So, does all this mean we do truly create photographs that mirror the state we’re in? Do we shoot saddled with our sorrow, or jubilant with joy allowing our intimate vulnerabilities to be exposed through our work? Or, do we instead shoot through our exhaustion and despite our weariness in order to seek some kind of clarity, powerful enough to lift us from our fog? Perhaps it’s all dependent on the very moment we click and what we needed more; to express ourselves or to save ourselves.
If you’ve got a shot that speaks volumes for you, you know we’d love for you to share it.
Goodness Tracey…this photo is simply stunning and, yes, evocative of sadness but filled with such beauty at the same time. I do have poignant and sad photos but I thought I would share my happiest photo instead today…
http://www.flickr.com/photos/lesophiephoto/1109893809
I thank you Sisters again for all of the inspiration. I am so thrilled that you are here 🙂
Maybe its not so much that we "create photographs that mirror the state we’re in" but that we interpret photos based on where we are standing, what we have been through, where we feel we are going.
This picture isn’t sad or tired to me at all. It looks clean and restful.
Maybe your weariness with your burden is what you are seeing because that is how you feel right now. I bet if you come back in six months, this picture will say something completely different to you.

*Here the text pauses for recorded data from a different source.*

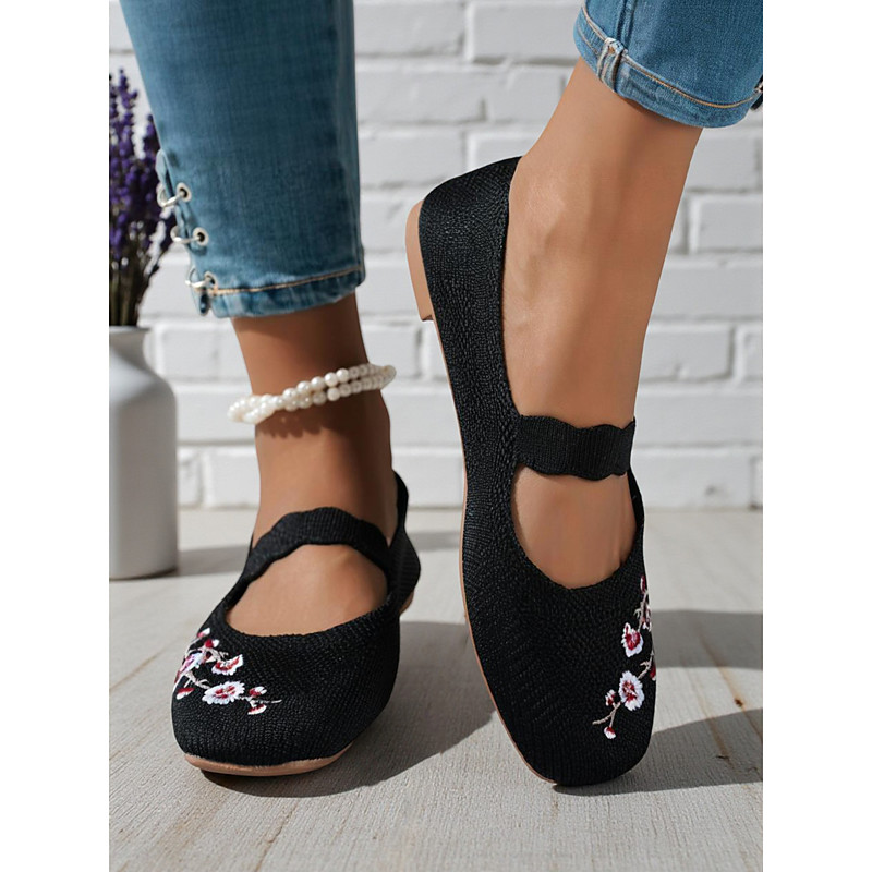 Women's Beige Flyknit Mary Jane Flats with Floral Embroidered, Casual Breathable Slip-On Shoes for Work, Travel and Daily Wear
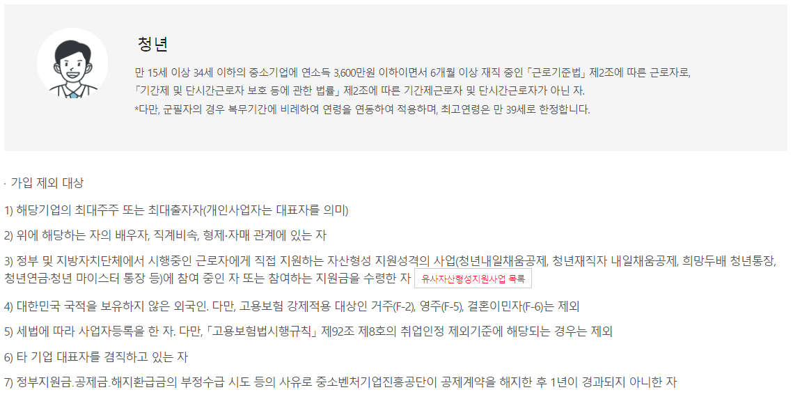 또한 청년내일채움공제, 청년재직자 내일채움공제 등 유사한 정부지원 제도에 참여 중이거나 이미 참여하여 지원금을 받은 사람은 지원할 수 없습니다.
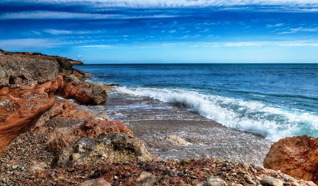 Обои Белые волны на берегу моря с большими камнями под голубым небом

I love the boost that photography can give us when we’re down. It was a gloomy dismal wintry (to a Southerner) day and I couldn’t find ANYthing pretty to shoot, so decided to just focus on the bare sticks of barren trees, when I found this bit of hope: http://www.flickr.com/photos/loriseaborg/2230377952/
I’m contributing a picture of one of my dogs. I took a whole series of pictures last spring when we first got Nanuck. I love how he is smiling in this shot. It is a favorite of mine because we rescued him from living on the street and I think it shows his happiness in finally having a home.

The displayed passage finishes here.